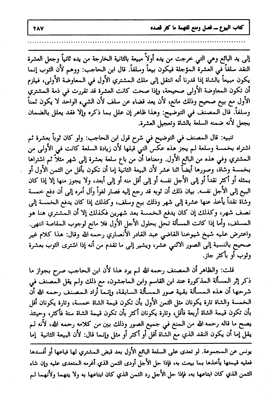 قلت: والظاهر أن المصنف - رحمه الله - لم يرد هذا؛ لأن ابن الحاجب صرح بجواز ما ذكر إثر المسألة المذكورة عند ابن القاسم وابن الماجشون مع ذلك ولم يقل المصنف في شرحها إن هذه المسألة بقية صور المسألة السابقة وإنما أراد المصنف - رحمه الله - أن الخمسة والشاة تارة يكونان مثل الثمن الأول بأن تكون قيمة الشاة خمسة وتارة يكونان أقل بأن تكون قيمة الشاة أربعة فأقل وتارة يكونان أكثر بأن تكون قيمة الشاة ستة فأكثر وحينئذ يصح ما قاله - رحمه الله - من المنع في جميع الصور وذلك بين من كلامه - رحمه الله -؛ لأنه لم يقل إما أن يكون النقد الذي مع الشاة أقل أو أكثر أو مثل وإنما قال: لأن البيعة الثانية إما
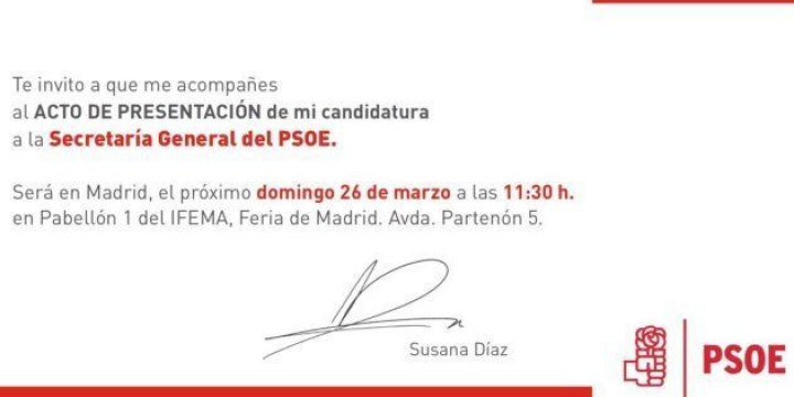Así es la invitación de Susana Díaz a la presentación de su candidatura
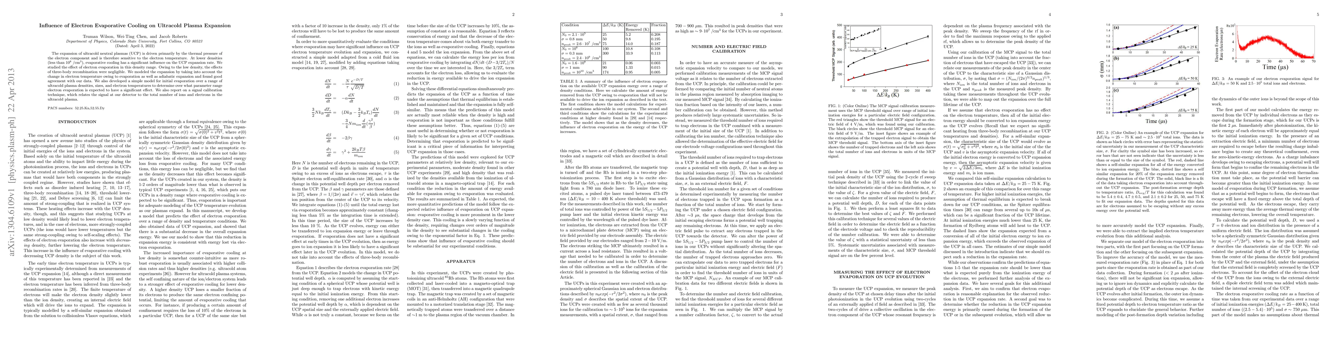 The expansion of ultracold neutral plasmas (UCP) is driven primarily by the thermal pressure of the electron component and is therefore sensitive to the electron temperature. At lower densities (less than 10$^8$ /cm$^3$), evaporative cooling has a significant influence on the UCP expansion rate. We studied the effect of electron evaporation in this density range. Owing to the low density, the effects of three-body recombination were negligible. We modeled the expansion by taking into account the change in electron temperature owing to evaporation as well as adiabatic expansion and found good agreement with our data. We also developed a simple model for initial evaporation over a range of ultracold plasma densities, sizes, and electron temperatures to determine over what parameter range electron evaporation is expected to have a significant effect. We also report on a signal calibration technique, which relates the signal at our detector to the total number of ions and electrons in the ultracold plasma.
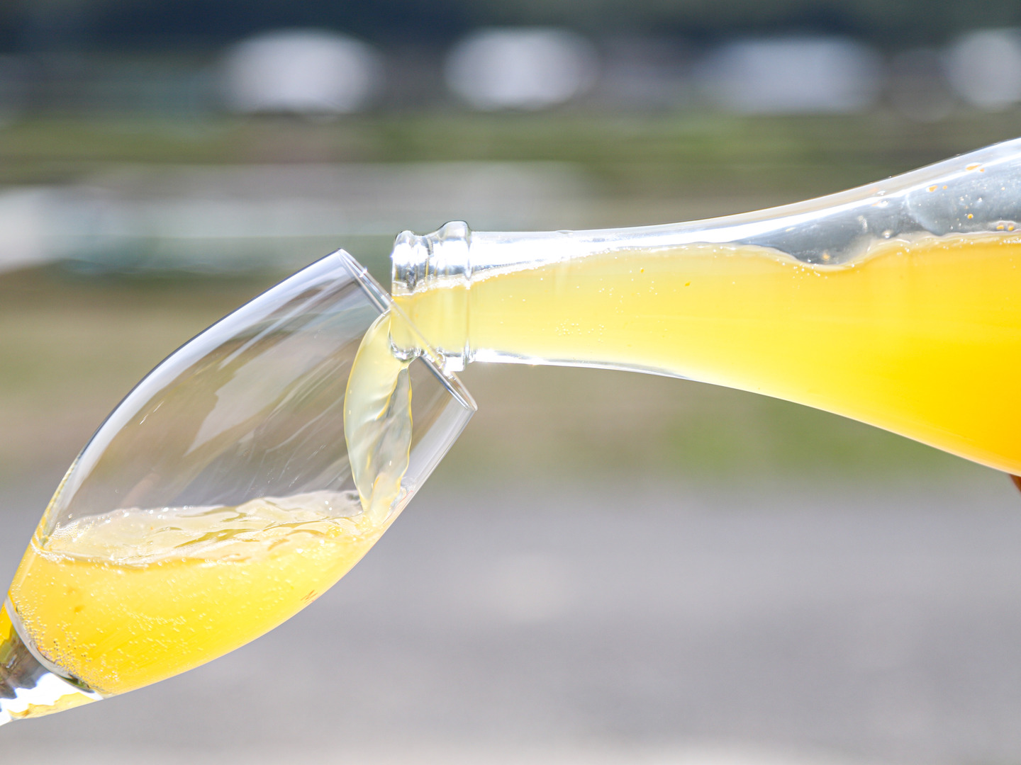 やや糖分が残っているうちに瓶詰めすることで発酵活動による天然の炭酸ガスを⾃然に溶け込ませた微発泡ワインです。
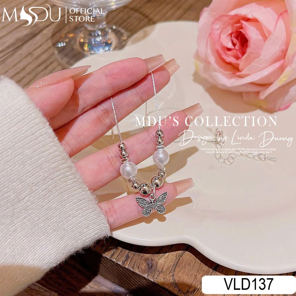 Bộ dây chuyền VLD137 nhà MDU Fashion chinh phục ánh nhìn với thiết kế mặt dây bướm nhỏ xinh được chế tác từ kim loại cao cấp, phối cùng những hạt ngọc trai trắng tinh khiết. Sự kết hợp giữa nét mềm mại của ngọc trai và đường nét sắc sảo của bướm kim loại tạo nên tổng thể hài hòa, tinh tế mà vẫn rất nữ tính. Sợi dây mảnh mai nhẹ nhàng ôm sát cổ, làm nổi bật vẻ đẹp thanh lịch, dịu dàng của người phụ nữ hiện đại. Đây là món phụ kiện hoàn hảo để tô điểm cho phong cách thường ngày hay những dịp đặc biệt.
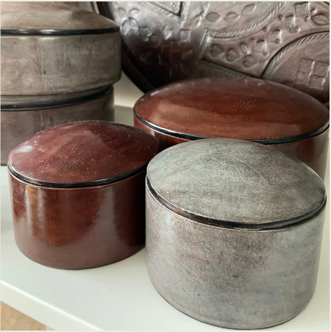 The most beautiful Fair Trade handmade Tuareg leather boxes from Burkina Faso. The decorative boxes are available in 2 sizes and lots of colors. Use them for decoration, jewelry boxes, keys, small gadgets, cotton pads or much more.
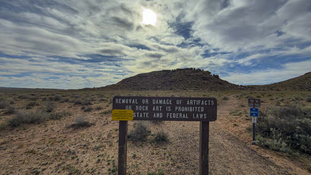 After visiting the ruins, the boys dropped me off and headed back to the valley. I went for a hike seeking the Park high point. The small yellow sign on the left says look out for poisonous snakes and insects.

** Brief **
All of the material shown above needs to be duplicated exactly. Omit every picture.

** Solution to this exercise **
 قلت: والظاهر أن المصنف - رحمه الله - لم يرد هذا؛ لأن ابن الحاجب صرح بجواز ما ذكر إثر المسألة المذكورة عند ابن القاسم وابن الماجشون مع ذلك ولم يقل المصنف في شرحها إن هذه المسألة بقية صور المسألة السابقة وإنما أراد المصنف - رحمه الله - أن الخمسة والشاة تارة يكونان مثل الثمن الأول بأن تكون قيمة الشاة خمسة وتارة يكونان أقل بأن تكون قيمة الشاة أربعة فأقل وتارة يكونان أكثر بأن تكون قيمة الشاة ستة فأكثر وحينئذ يصح ما قاله - رحمه الله - من المنع في جميع الصور وذلك بين من كلامه - رحمه الله -؛ لأنه لم يقل إما أن يكون النقد الذي مع الشاة أقل أو أكثر أو مثل وإنما قال: لأن البيعة الثانية إما
Así es la invitación de Susana Díaz a la presentación de su candidatura
 The expansion of ultracold neutral plasmas (UCP) is driven primarily by the thermal pressure of the electron component and is therefore sensitive to the electron temperature. At lower densities (less than 10$^8$ /cm$^3$), evaporative cooling has a significant influence on the UCP expansion rate. We studied the effect of electron evaporation in this density range. Owing to the low density, the effects of three-body recombination were negligible. We modeled the expansion by taking into account the change in electron temperature owing to evaporation as well as adiabatic expansion and found good agreement with our data. We also developed a simple model for initial evaporation over a range of ultracold plasma densities, sizes, and electron temperatures to determine over what parameter range electron evaporation is expected to have a significant effect. We also report on a signal calibration technique, which relates the signal at our detector to the total number of ions and electrons in the ultracold plasma.
 やや糖分が残っているうちに瓶詰めすることで発酵活動による天然の炭酸ガスを⾃然に溶け込ませた微発泡ワインです。
 Bộ dây chuyền VLD137 nhà MDU Fashion chinh phục ánh nhìn với thiết kế mặt dây bướm nhỏ xinh được chế tác từ kim loại cao cấp, phối cùng những hạt ngọc trai trắng tinh khiết. Sự kết hợp giữa nét mềm mại của ngọc trai và đường nét sắc sảo của bướm kim loại tạo nên tổng thể hài hòa, tinh tế mà vẫn rất nữ tính. Sợi dây mảnh mai nhẹ nhàng ôm sát cổ, làm nổi bật vẻ đẹp thanh lịch, dịu dàng của người phụ nữ hiện đại. Đây là món phụ kiện hoàn hảo để tô điểm cho phong cách thường ngày hay những dịp đặc biệt.
 The most beautiful Fair Trade handmade Tuareg leather boxes from Burkina Faso. The decorative boxes are available in 2 sizes and lots of colors. Use them for decoration, jewelry boxes, keys, small gadgets, cotton pads or much more.
 After visiting the ruins, the boys dropped me off and headed back to the valley. I went for a hike seeking the Park high point. The small yellow sign on the left says look out for poisonous snakes and insects.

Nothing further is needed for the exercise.